▸ **What is being asked**
From the line containing "1、猎豹wifi被称为移动的路由器,可以通过软件让其他移动设备免费上网。" down to the last line of the listing, quote everything word for word, and nothing else, keeping pictures out.

▸ **Material provided**
↓↓↓

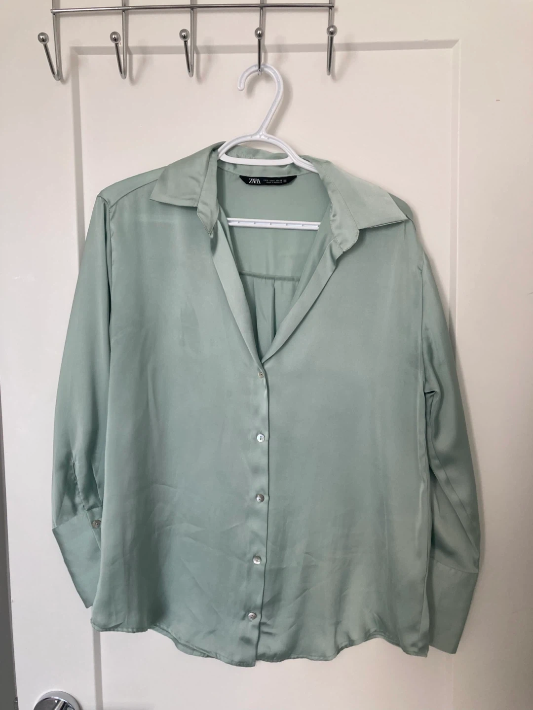 A stylish green button-up blouse from Zara! It's a size small and in great condition. Perfect for dressing up or down, this blouse is a versatile addition to any wardrobe
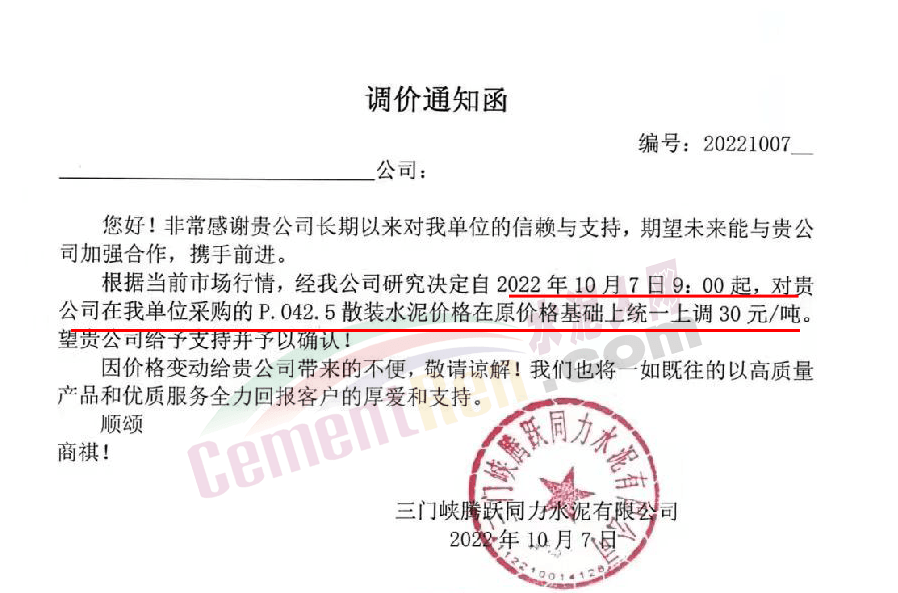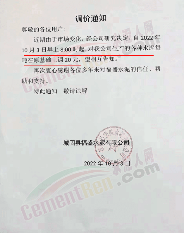 陜西省漢中市城固縣福盛水泥有限公司通知自10月3日早上8時起,對公司生產(chǎn)的各種水泥上調(diào)20元/噸。
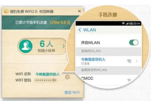 1、猎豹wifi被称为移动的路由器,可以通过软件让其他移动设备免费上网。
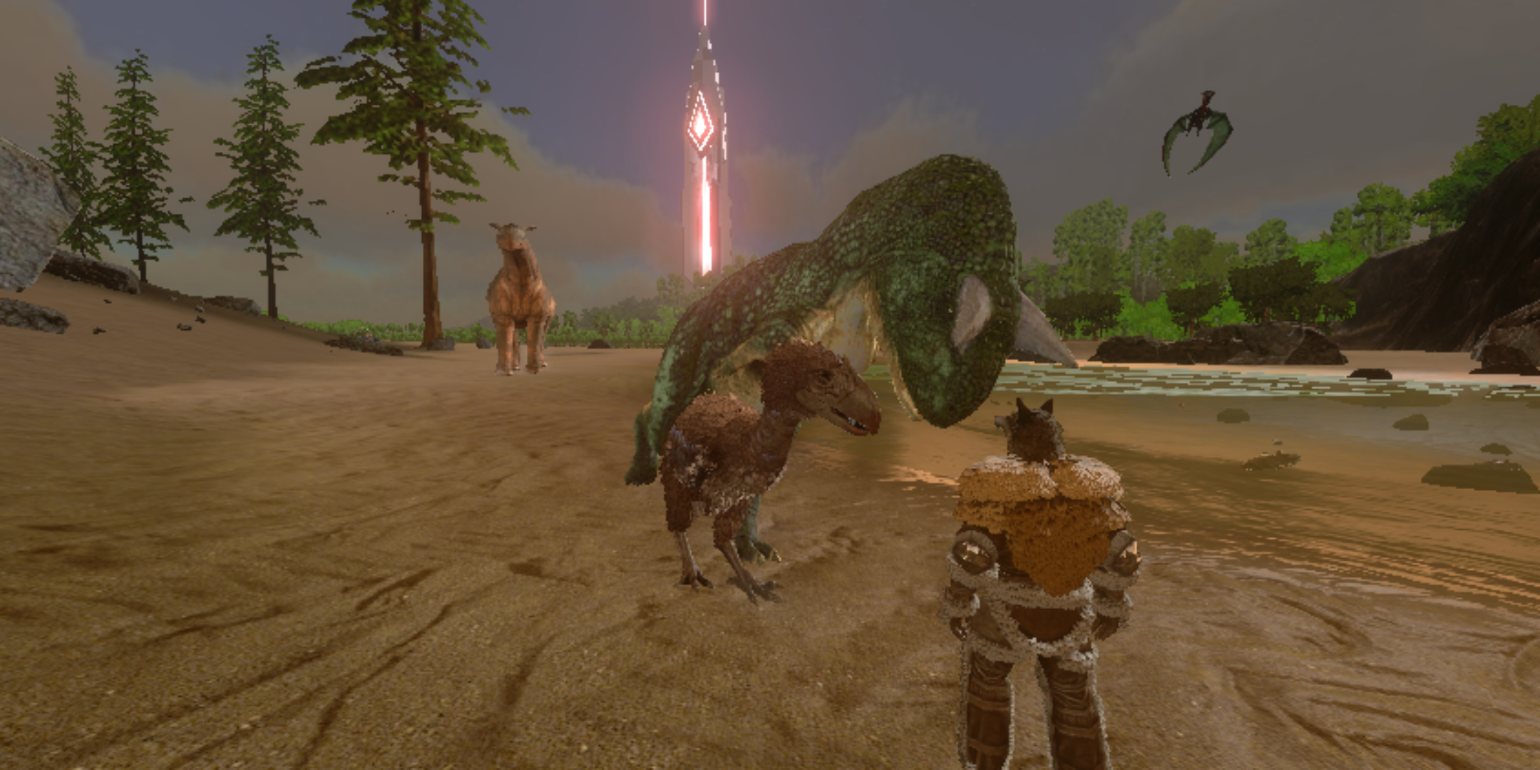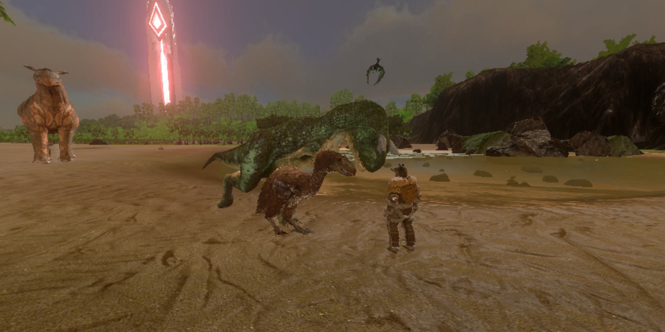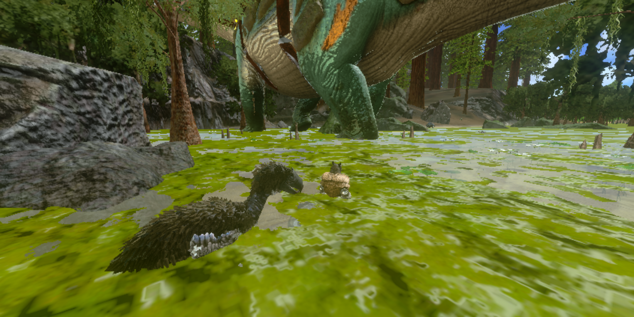 也是够了,都追到我泰坦龙脚底下了,没办法只能上泰坦龙身上去了,骸鸟立马被踩死😂😂。

↑↑↑

▸ **Written solution**
 1、猎豹wifi被称为移动的路由器,可以通过软件让其他移动设备免费上网。
 也是够了,都追到我泰坦龙脚底下了,没办法只能上泰坦龙身上去了,骸鸟立马被踩死😂😂。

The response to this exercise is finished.